Could you give back exactly the lines below from the one with "Натуральная, 130 гр." through the one with "Рисунок 1. Порядок", without a single picture?

[Data for this exercise — start]

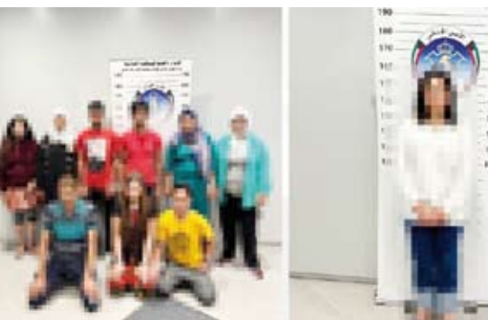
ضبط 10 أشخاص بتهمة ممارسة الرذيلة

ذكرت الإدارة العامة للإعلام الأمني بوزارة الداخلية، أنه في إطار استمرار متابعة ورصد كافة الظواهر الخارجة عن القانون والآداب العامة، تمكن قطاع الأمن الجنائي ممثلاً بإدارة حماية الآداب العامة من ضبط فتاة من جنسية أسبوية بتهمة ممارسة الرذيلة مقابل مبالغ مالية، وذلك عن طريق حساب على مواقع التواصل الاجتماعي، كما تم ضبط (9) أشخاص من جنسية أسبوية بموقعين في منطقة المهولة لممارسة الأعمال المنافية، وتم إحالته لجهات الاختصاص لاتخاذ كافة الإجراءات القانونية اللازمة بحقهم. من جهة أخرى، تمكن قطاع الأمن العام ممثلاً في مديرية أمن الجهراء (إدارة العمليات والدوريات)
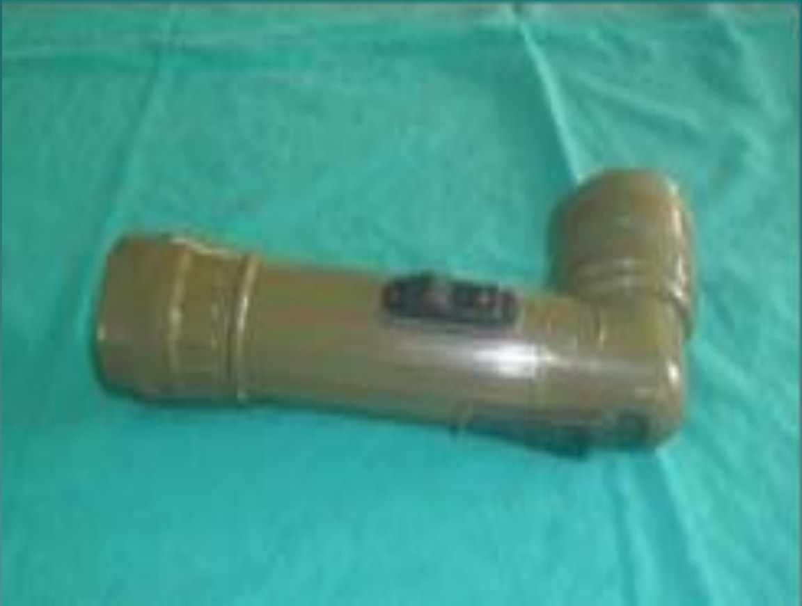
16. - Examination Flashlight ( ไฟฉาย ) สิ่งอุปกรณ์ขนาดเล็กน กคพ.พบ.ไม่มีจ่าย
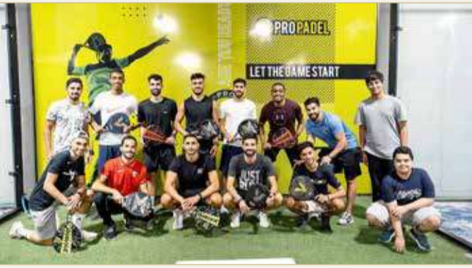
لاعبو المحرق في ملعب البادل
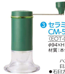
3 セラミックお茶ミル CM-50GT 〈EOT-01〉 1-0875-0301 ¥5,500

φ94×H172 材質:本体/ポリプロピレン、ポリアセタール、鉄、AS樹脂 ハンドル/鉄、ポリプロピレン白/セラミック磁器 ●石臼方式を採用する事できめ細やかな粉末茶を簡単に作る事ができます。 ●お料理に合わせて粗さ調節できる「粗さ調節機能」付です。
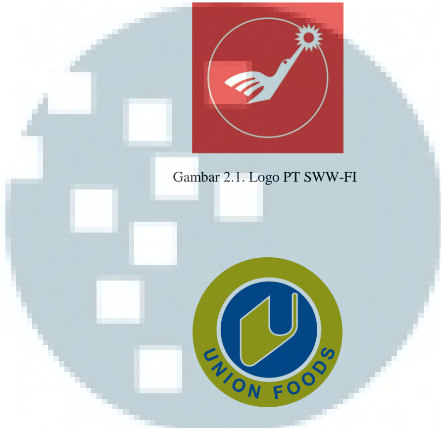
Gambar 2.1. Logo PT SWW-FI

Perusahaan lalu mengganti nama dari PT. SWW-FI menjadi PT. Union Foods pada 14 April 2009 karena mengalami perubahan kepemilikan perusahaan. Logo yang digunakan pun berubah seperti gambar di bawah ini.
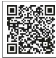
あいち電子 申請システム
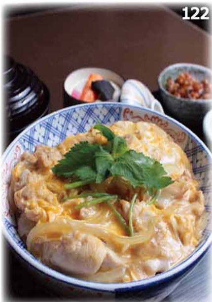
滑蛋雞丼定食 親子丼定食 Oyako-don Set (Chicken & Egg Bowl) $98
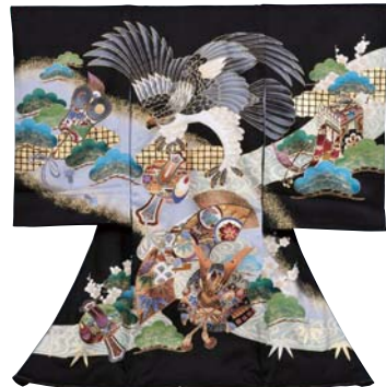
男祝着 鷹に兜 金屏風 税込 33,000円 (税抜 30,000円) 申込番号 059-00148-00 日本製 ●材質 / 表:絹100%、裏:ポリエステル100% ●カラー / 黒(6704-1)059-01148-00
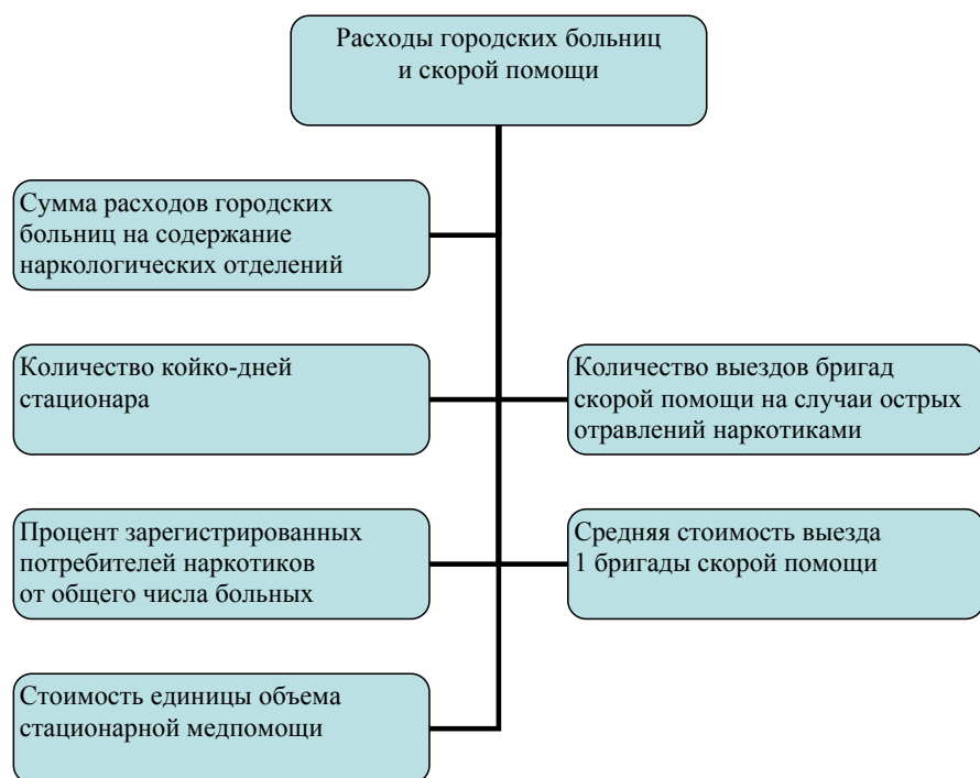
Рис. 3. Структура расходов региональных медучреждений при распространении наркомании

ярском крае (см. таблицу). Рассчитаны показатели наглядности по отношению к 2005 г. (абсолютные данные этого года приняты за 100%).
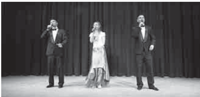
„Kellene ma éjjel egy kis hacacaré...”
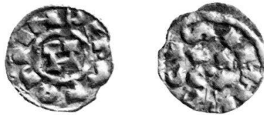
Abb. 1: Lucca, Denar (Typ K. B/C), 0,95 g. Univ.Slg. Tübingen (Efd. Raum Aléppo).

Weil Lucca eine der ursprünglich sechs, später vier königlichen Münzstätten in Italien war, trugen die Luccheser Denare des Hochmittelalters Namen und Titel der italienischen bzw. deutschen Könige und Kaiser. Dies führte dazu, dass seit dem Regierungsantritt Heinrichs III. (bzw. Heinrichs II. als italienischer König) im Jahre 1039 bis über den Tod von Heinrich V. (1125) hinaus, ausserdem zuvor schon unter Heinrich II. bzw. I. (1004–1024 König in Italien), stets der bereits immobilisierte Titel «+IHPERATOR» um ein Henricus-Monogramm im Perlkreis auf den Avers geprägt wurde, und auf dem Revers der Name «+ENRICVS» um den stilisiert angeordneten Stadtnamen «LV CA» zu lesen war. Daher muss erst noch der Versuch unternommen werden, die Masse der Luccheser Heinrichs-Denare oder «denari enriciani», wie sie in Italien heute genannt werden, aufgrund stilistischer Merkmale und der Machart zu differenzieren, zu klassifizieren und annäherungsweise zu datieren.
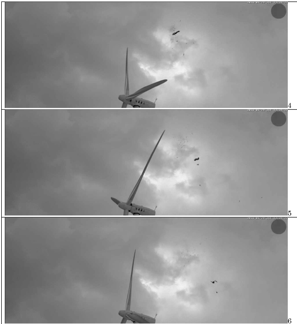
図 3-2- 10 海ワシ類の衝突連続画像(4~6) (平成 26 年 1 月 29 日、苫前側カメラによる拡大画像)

[Data for this exercise — finish]
[Data for this exercise — start]

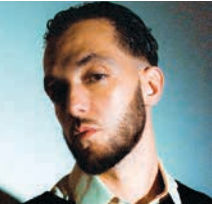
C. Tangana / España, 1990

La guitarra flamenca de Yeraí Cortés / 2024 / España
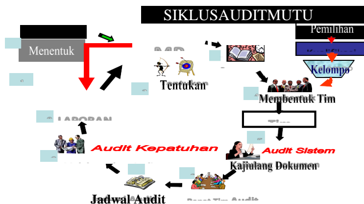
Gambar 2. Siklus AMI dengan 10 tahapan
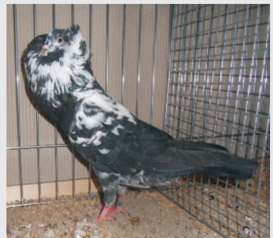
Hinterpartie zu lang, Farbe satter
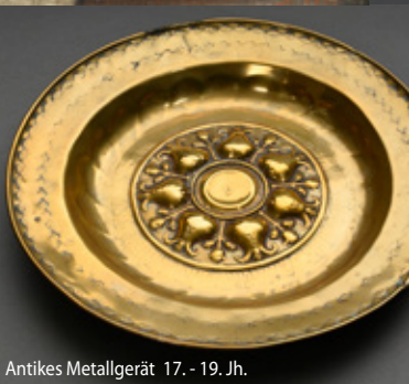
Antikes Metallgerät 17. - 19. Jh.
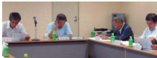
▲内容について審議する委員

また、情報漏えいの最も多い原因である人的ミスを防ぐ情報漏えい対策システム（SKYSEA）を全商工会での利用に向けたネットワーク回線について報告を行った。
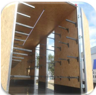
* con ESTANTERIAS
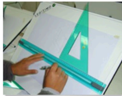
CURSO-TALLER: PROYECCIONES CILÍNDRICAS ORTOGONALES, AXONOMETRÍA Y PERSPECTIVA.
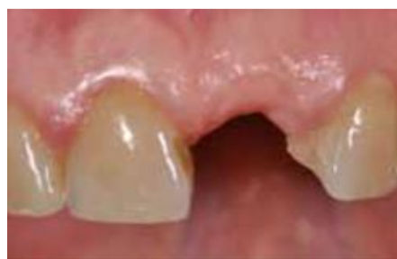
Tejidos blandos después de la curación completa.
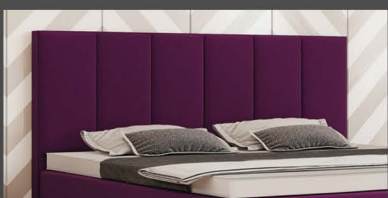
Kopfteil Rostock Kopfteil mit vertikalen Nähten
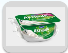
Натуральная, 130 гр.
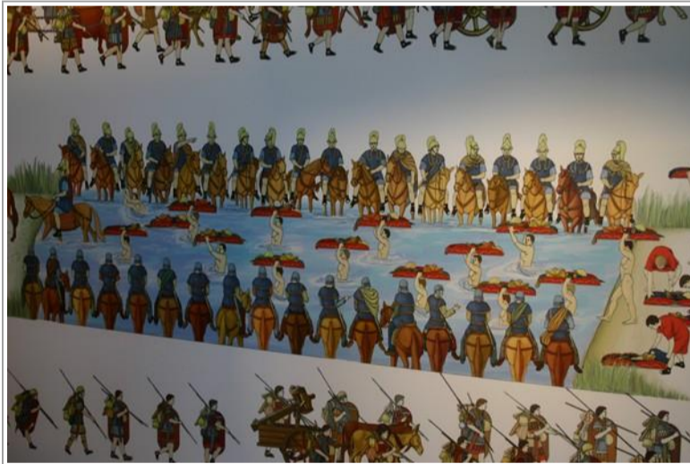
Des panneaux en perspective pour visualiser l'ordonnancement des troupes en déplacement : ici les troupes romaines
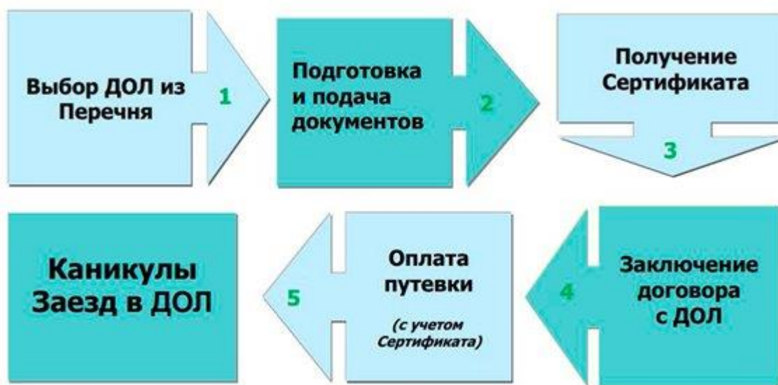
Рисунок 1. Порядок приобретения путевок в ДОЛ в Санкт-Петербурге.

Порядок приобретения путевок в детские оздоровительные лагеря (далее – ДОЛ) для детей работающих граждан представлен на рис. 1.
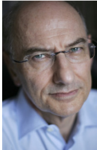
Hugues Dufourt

[Data for this exercise — finish]
[Data for this exercise — start]

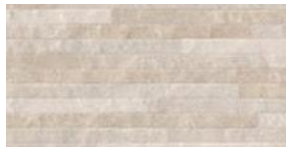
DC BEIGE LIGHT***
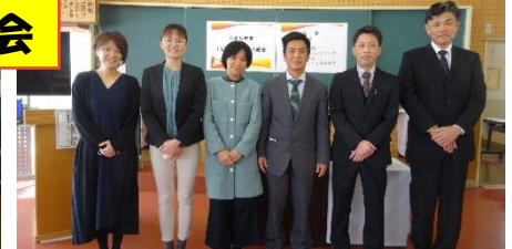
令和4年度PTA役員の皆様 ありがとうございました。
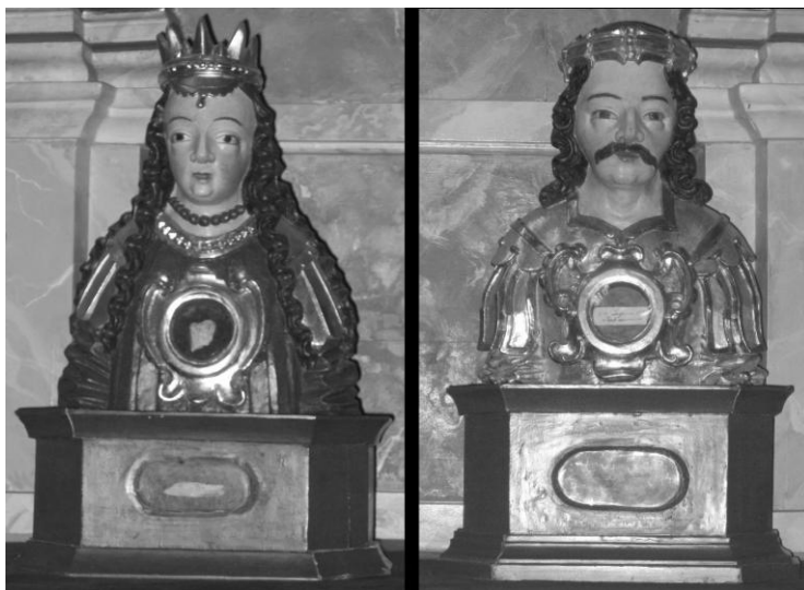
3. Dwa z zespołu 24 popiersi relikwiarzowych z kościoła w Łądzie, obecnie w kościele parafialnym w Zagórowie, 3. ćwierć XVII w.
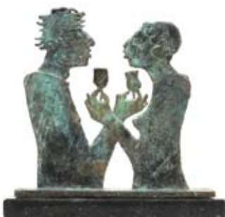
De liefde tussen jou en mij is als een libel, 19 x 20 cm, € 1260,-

[Data for this exercise — finish]

» **Result below**:
Натуральная, 130 гр.
Des panneaux en perspective pour visualiser l'ordonnancement des troupes en déplacement : ici les troupes romaines
Рисунок 1. Порядок приобретения путевок в ДОЛ в Санкт-Петербурге.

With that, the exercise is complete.